Archival news footage makes shockingly clear what hell these children endured; life in Kakuma, by contrast, is a stable Kafkaesque limbo. The filmmakers focus on three men, all delirious with the prospect of getting out and -- even better -- going to this mystical land called America of which they've heard so much. John Bul Dau is headed to Syracuse, N.Y., while Panther Bior and Daniel Abol Pach are slated to be roommates in Pittsburgh, which the latter is pretty sure is in the country of Pennsylvania.
The wrenching cultural shift is initially played for cosmic comedy, with the men in a Kenyan no-man's-land one day and on an airplane filled with electronic gadgets the next. Once they arrive, we see them wander the aisles of a well-stocked produce market, overcome with the largesse. A doughnut with sprinkles is met with a hesitant "This is a food?"

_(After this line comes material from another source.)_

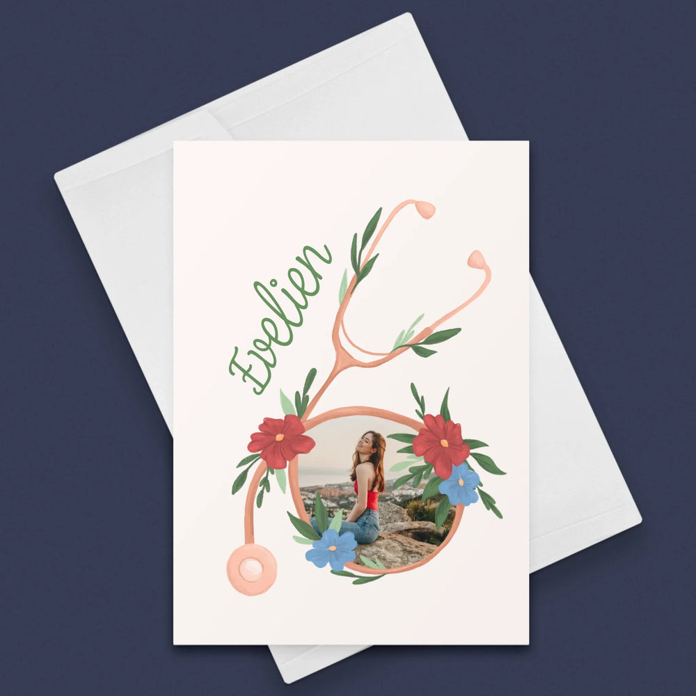 Foto En Handtekening: Stethoscoop Bloemen - Wenskaart

"God Grew Tired of Us" is in it for the long haul, though, and over the course of three years, we see John, Panther, and Daniel hunker down and try to make it work. It is far from easy. The Sudanese are desperately lonely but local merchants feel intimidated when they travel around in groups. One of the Lost Boys, we are told, falls prey to mental illness and is institutionalized.
Daniel, John, and Panther work in factories and take various McJobs, and their initial happiness turns to concern as they become bill-paying, credit-owing Americans. They haven't been relocated so much as dislocated. "It's not what I was thinking," sighs John. "I thought we shall go further than this."

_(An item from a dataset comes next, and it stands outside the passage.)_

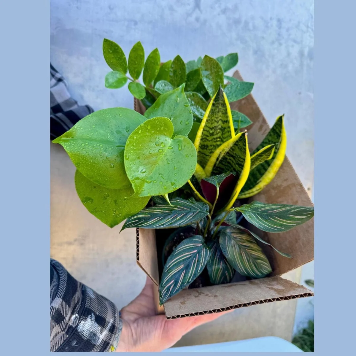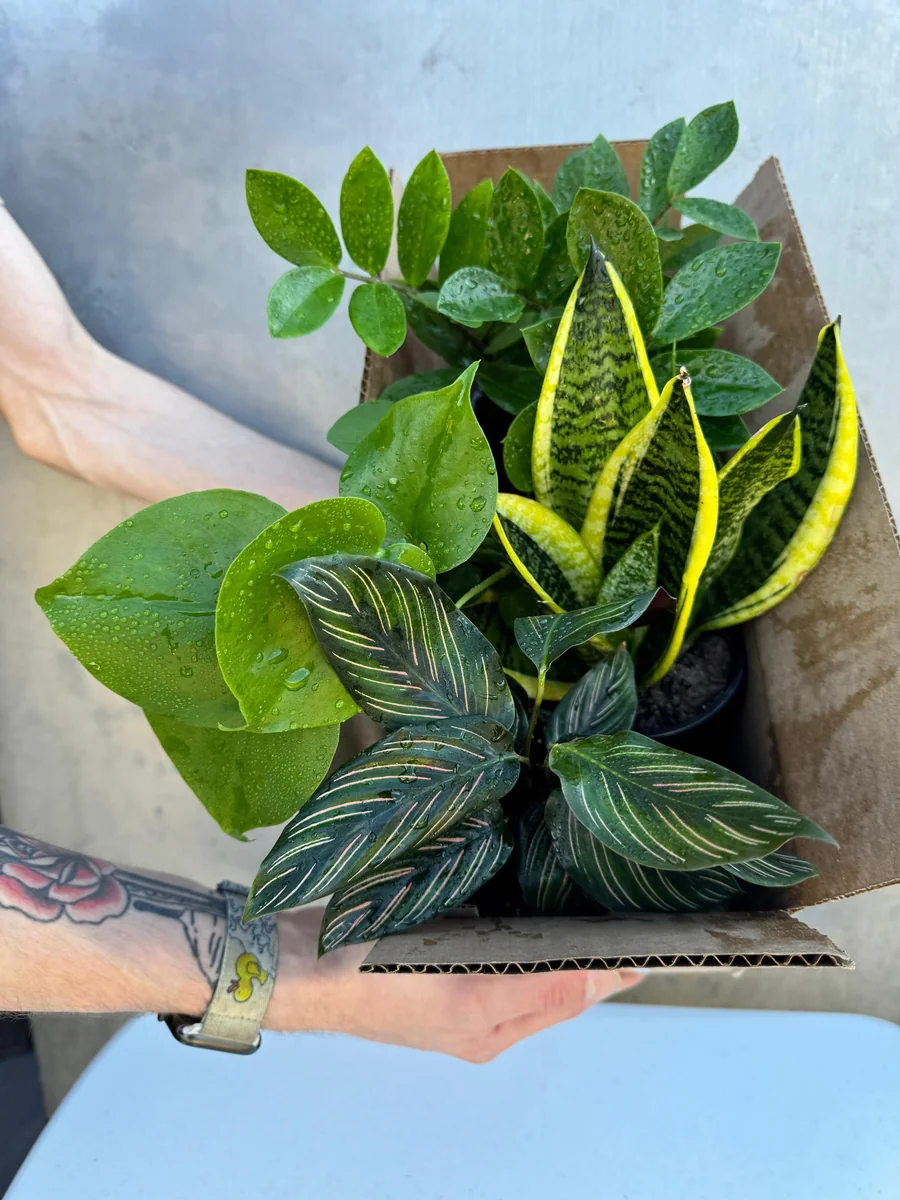Unbox a delightful surprise with this 4 live indoor house plant bundle. Receive a mystery houseplant set of four unique, healthy, and easy-care houseplants, each in a 4 inch potted plants. Perfect for brightening any space or as a thoughtful gift.

He does go further, though, and the ultimate message of "God Grew Tired of Us" is that we each make our own contract with this country, and that the ones who know that have a head start. The three men struggle toward college educations while sending money back to friends and family in Africa; by film's end, they're all involved with humanitarian projects in their homeland.

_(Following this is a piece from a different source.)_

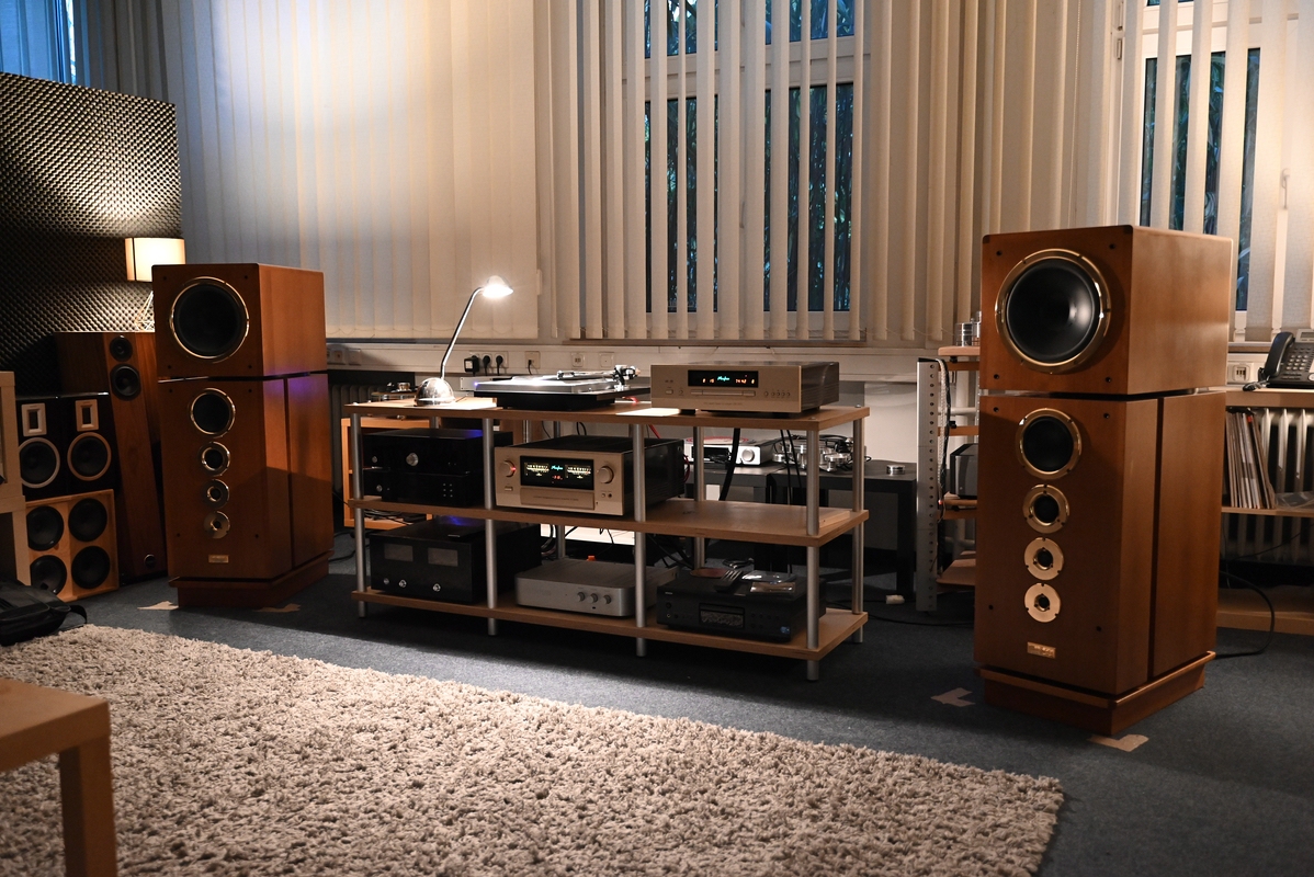 17cm TMT mit einer Kalotte im WG. Kenne ich. Sehr gut sogar. Erinnert mich an meinen ViMo. Sowohl klanglich als auch tonal. Zudem funktioniert die Kombi in der Regel ganz hervorragend im Hörraum der K+T. So auch hier. Auch wenn ich kein Freund von Alu- oder Keramikmembranen bin. Das Teil funktioniert wirklich gut. Da wholefish als Erbauer selbst nicht da sein konnte, ist Michi kurzerhand eingesprungen.

John rises in the ranks of the Lost Boys Foundation, the organization that keeps refugees in 23 states in contact with each other, and he hits the lecture circuit to raise awareness of the crisis in Sudan, trading his suit for tribal garb because he knows it plays better.
If there's a flaw, it's only that the movie's scope isn't wider. At a Lost Boys gathering in Michigan, some of the men bristle at the sight of younger refugees who've adopted the hip-hop camouflage and body language of their new home. "You are away from your culture; please come back," John says sadly to them. We never hear their response. There are themes of diaspora and belonging barely touched on here, but "God Grew Tired of Us" already has its hands and heart full.